Et puis, il y avait aussi ses sentiments à lui.
Parce que, mine de rien, il savait, même s'il ne voulait pas se l'avouer, qu'il appréciait un peu trop Jean. Un peu beaucoup méga trop. Pas au point d'en être amoureux, non. Pas si rapidement. Après tout, il fallait du temps, selon lui, pour tomber amoureux. Mais Jean avait un certain charme, qui, il fallait bien l'avoué, ne le laissait pas vraiment indifférent.
Un nouveau soupir franchit ses lèvres.
Il ne se sentait pas particulièrement attiré par les garçons… Non. Mais… Mais Jean avait un truc, qu'il ne saurait pas expliquer.

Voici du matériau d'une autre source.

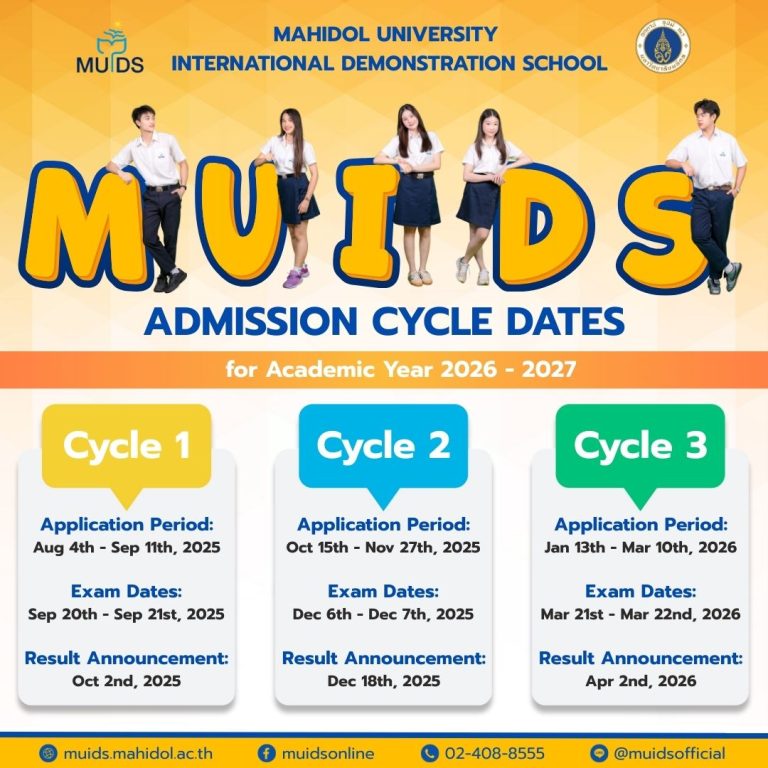 MUIDS is an international high school near Bangkok that is affiliated with Mahidol University. It helps students find their path to opportunity, excellence, and distinction. A mixture of Thai and American educational standards help students develop the skills and confidence they need to succeed at any university anywhere in the world.

Marco savait que c'était mauvais signe, de penser encore et toujours à lui. Il savait que, s'il n'évitait plus d'écouter les battements de son cœur, il l'entendrait tambouriner quand son regard croise celui de Jean. Et puis, il avait beau les ignorer, ces foutus papillons s'étaient bel et bien logés dans son ventre, et ne semblaient pas près à en sortir. D'ailleurs, ils avaient la mauvaise manie de décider de se dégourdir les ailes quand Jean lui parlait.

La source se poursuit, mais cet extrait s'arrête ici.